Toen autofabrikanten echter besloten om te gaan racen, ontdekten ze hoe belangrijk de vorm van een carrosserie was. Gestroomlijnde vormen gingen duidelijk sneller, dus zochten bouwers externe bedrijven om hun chassis met slanker plaatwerk te bekleden. Op maat gemaakte auto's waren tot in de jaren dertig gebruikelijk, vaak gebouwd door dezelfde mensen die paardenkoetsen maakten.
Zagato bouwde echter geen buggy's. Opgericht in 1919 door Ugo Zagato, maakte het een reputatie door lichtgewicht auto's te bouwen met behulp van technieken die Ugo leerde bij de Pomilio-vliegtuigfabrieken tijdens de Eerste Wereldoorlog.
Het resultaat waren soepele raceauto's zoals de Alfa Romeo 6C 1500 en 1750. Al snel sloten andere bedrijven zich aan. Touring Superleggera, wiens naam ‘superlicht toeren’ betekent in het Italiaans, vervaardigde in 1937 de prachtige Alfa 8C 2900.

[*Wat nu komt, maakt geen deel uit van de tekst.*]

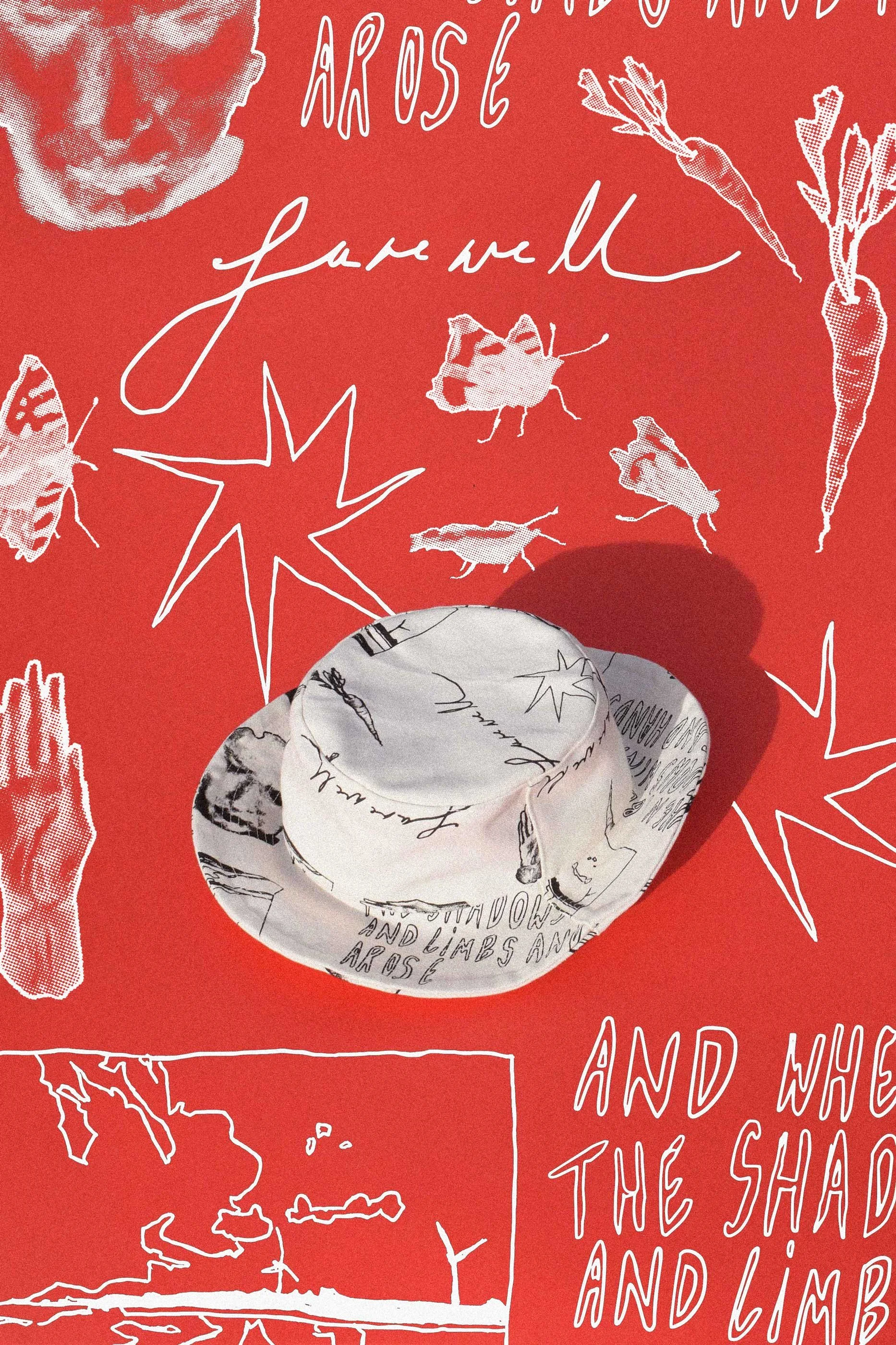 The artworks which feature on the Thirteen Hat are a collation of drawings created by Isobel in her sketchbook. From beach scenes and carrots to intricate hands and poetry, the printed canvas tells the narrative story of particular period in time

De Tweede Wereldoorlog maakte duidelijk een einde aan het racen en het gebruik van hightech vliegtuigconstructietechnieken op andere vliegtuigen dan vliegtuigen. Na de oorlog lag de Italiaanse auto-industrie letterlijk in puin, maar er lag een naoorlogse bloei in het verschiet.
De mondiale oorlog had de collectieve honger naar nieuwe auto’s aangewakkerd en bedrijven waren op zoek naar ontwerpen die er opvallend en modern uitzagen. Lichtgewicht racecarrosserieën waren nog steeds belangrijk, maar nu wilden de pakken ook auto's die zich zouden onderscheiden van de concurrentie en alleen al door hun styling technologische vooruitgang zouden impliceren.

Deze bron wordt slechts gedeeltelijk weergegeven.